Systemic physiological modulators, specifically cerebral blood flow (CBF) and cerebrovascular reactivity (CVR), easily influence these resting-state metrics 4041. Because awe alters autonomic function - modulating heart rate, vagal tone, and sympathetic arousal - it induces systemic cardiovascular changes that can artificially bias BOLD-based functional connectivity measurements 4041. Researchers must employ rigorous general linear models to account for the effect of physiological modulators like venous blood oxygenation and CVR when comparing resting-state networks (DMN, CEN, SN) in awe states versus control states. Failure to disentangle vascular response from neural activity may lead to overestimating the specific neural connectivity generated by awe.
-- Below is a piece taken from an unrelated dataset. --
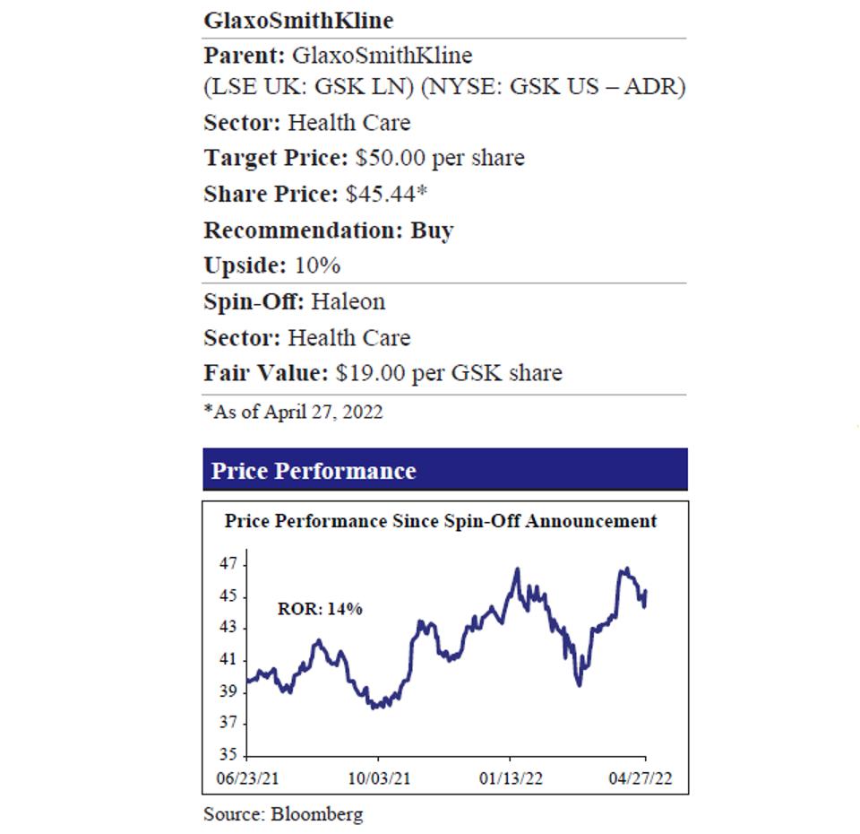 On June 23, 2021, GSK announced plans to spin-off its Consumer Healthcare division into a separately listed company. On February 22, 2022, GSK announced that its Consumer Healthcare business will be named as “Haleon” post spin-off. Post separation, New GSK (Stub unit) will operate as a Biopharma Company focused on specialty medicines and vaccines, while Haleon will be a 100% Consumer Healthcare Company focused on category-leading power brands.

Ecological Validity of Stimuli
Finally, the measurement of awe faces inherent challenges regarding ecological validity. The vast majority of neuroimaging studies rely on laboratory-induced awe, typically exposing participants to two-dimensional videos of nature or architecture while they lie immobilized in an MRI scanner 1714. While these methods successfully elicit self-reported awe and measurable neural shifts, they strip the experience of the multisensory immersion, physical risk, and spontaneous unpredictability that characterize real-world transcendent experiences 2433. The discrepancy in piloerection responses and implicit time perception between lab settings and anecdotal reality highlights the limitations of current experimental paradigms. Future research aims to bridge this gap through mobile neuroimaging technologies (such as wearable EEG) and immersive virtual reality environments, allowing for the capture of awe's neurological signatures in ecologically robust settings.